After becoming chief in 1986, Boucher formed the Fort McKay Group of Companies to work with the fossil industry, writes Inside Climate. Over the next few decades he oversaw partnerships that would eventually net hundreds of millions of dollars for the community.
But the First Nation was shown little respect along the way. Boucher recalls how when the oil major took over a culturally significant hunting and gathering ground, “there was no discussion, no consultation.”
While he acknowledges the economic good that has come to his community in the form of employment and royalties, Boucher knows that what Inside Climate describes as “a devil’s bargain” has cost his people dearly. When his grandfather’s hunting cabin was swallowed up by one of the mines, he built a new one for his father—and that cabin is now surrounded by new mines.
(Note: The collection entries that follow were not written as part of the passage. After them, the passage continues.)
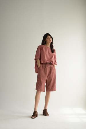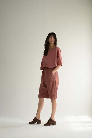 Album di Famiglia's CC cotton. Elastic waist with internal drawstring. Front side seam pockets, back patch pockets. Cropped length, wide leg. 100% cotton. Made in Italy. Melissa is 5'8" wearing size Small.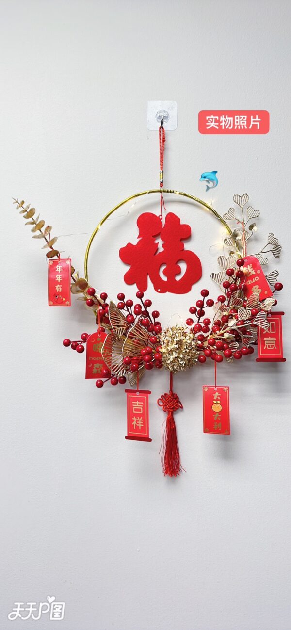 🌟迎🐎年節慶用花環🌟 小小的細節把對美好生活的許願掛飾掛在家裡,象徵好兆頭,開啟火紅嶄新的生活❤️新年門掛花環比起以前的福字貼更加喜慶和特別,凸顯時尚大方,花環設計為圓形,寓意團團圓圓、圓圓滿滿,還可以圈住一整年的好運,紅彤彤的小果子可愛又討人喜歡,點綴上金色的銀杏葉,卡片燈裝飾,瞬間充滿濃郁的歡喜氛圍。
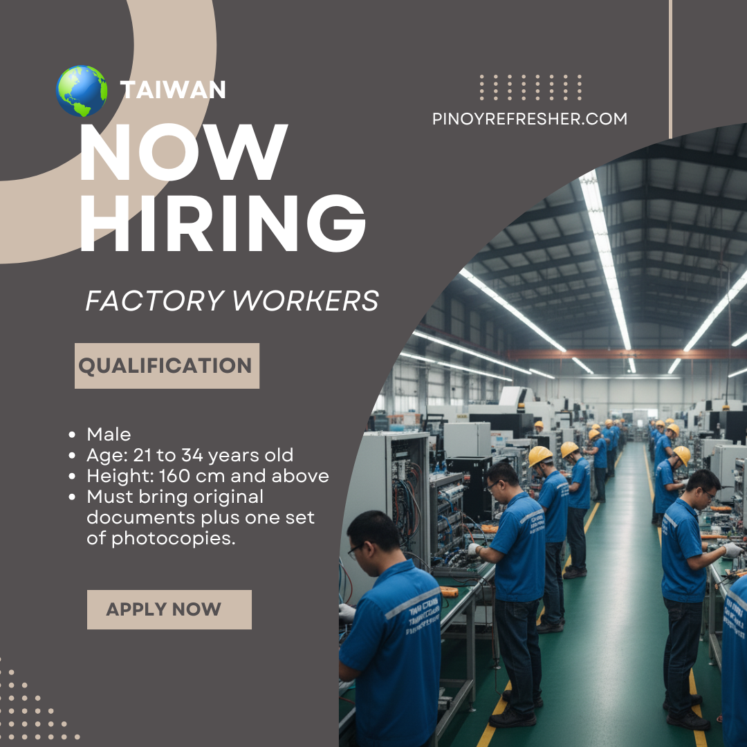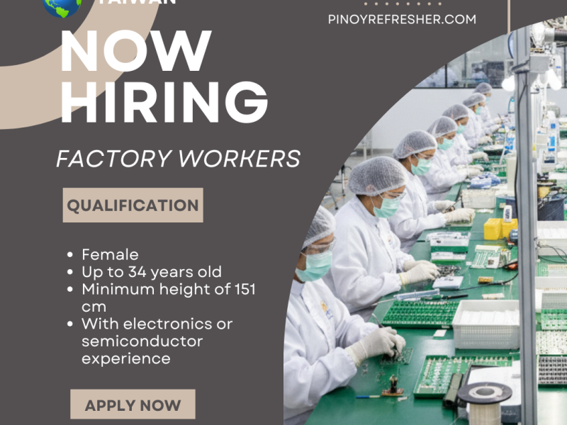 Now Hiring: Factory Workers for Taiwan (Male Applicants Only – No Tattoo Requirement)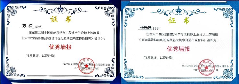 博士研究生张光通、万祥、于金秋和吴修文在会上分别以《面向建筑储能的粉煤灰基无机水合盐相变骨料》、《S-CO2热泵储能系统设计优化及动态响应特性研究》、《基于单相浸没式热管理的锂离子电池低温加热过程流动与传热特性研究》、《多孔翅片对Ca(OH)2/CaO储热床热质传递特性影响》为题进行了口头汇报,分享了他们在相关领域的研究成果。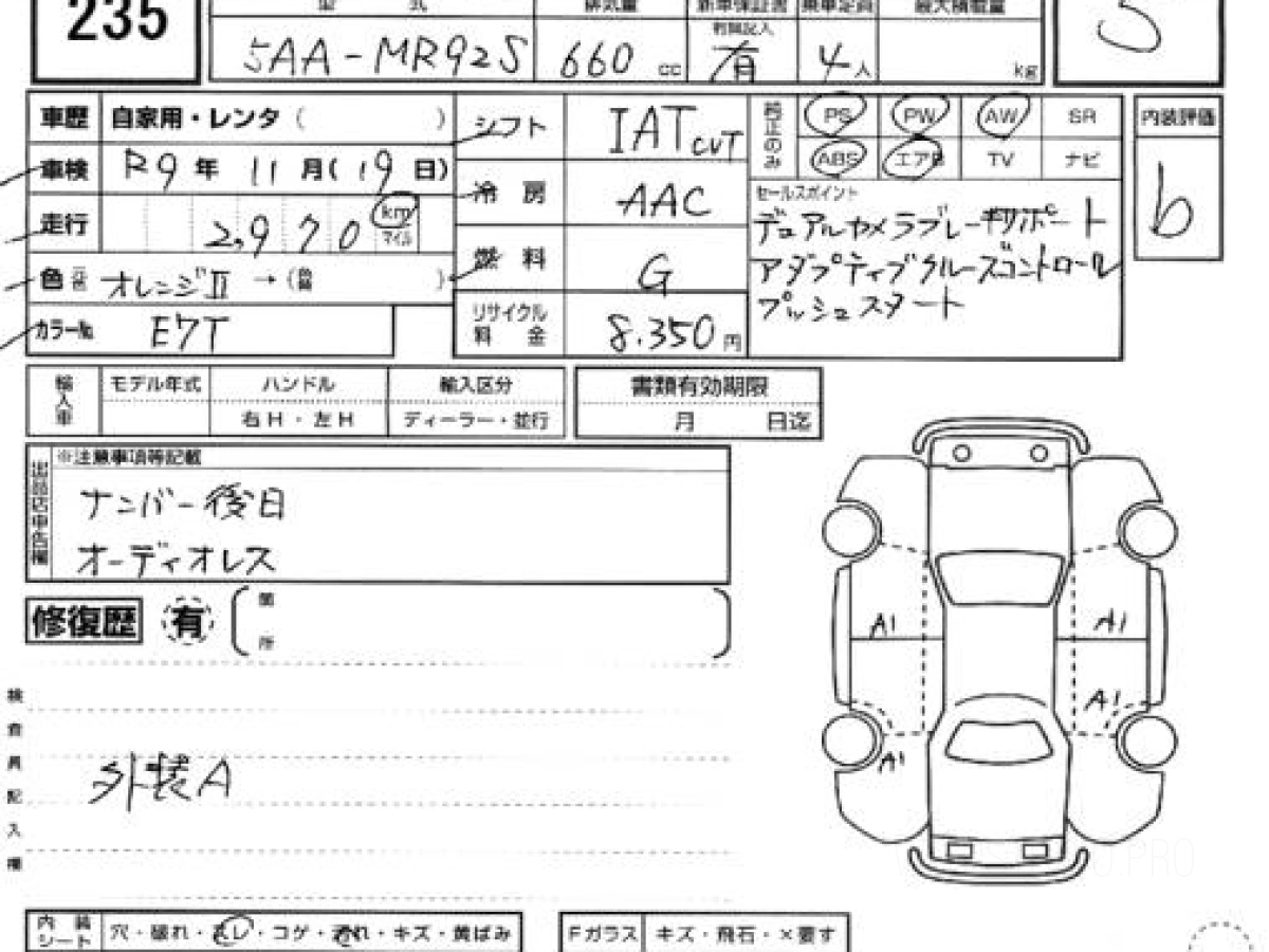 Номер кузова: MR92S.

“It’s empty, that’s how the cabin is to me,” Boucher said. “So I don’t go there anymore. No joy.”
Boucher’s cousin Jean L’Hommecourt is a traditional land use researcher and environment coordinator for the Fort McKay Nation. She says the vast ecological impact on the land is a challenge to her community’s very existence, even as the fossil industry provides it with jobs and revenue.
“The basis of all our Indigenous culture is on the land,” L’Hommecourt told Inside Climate.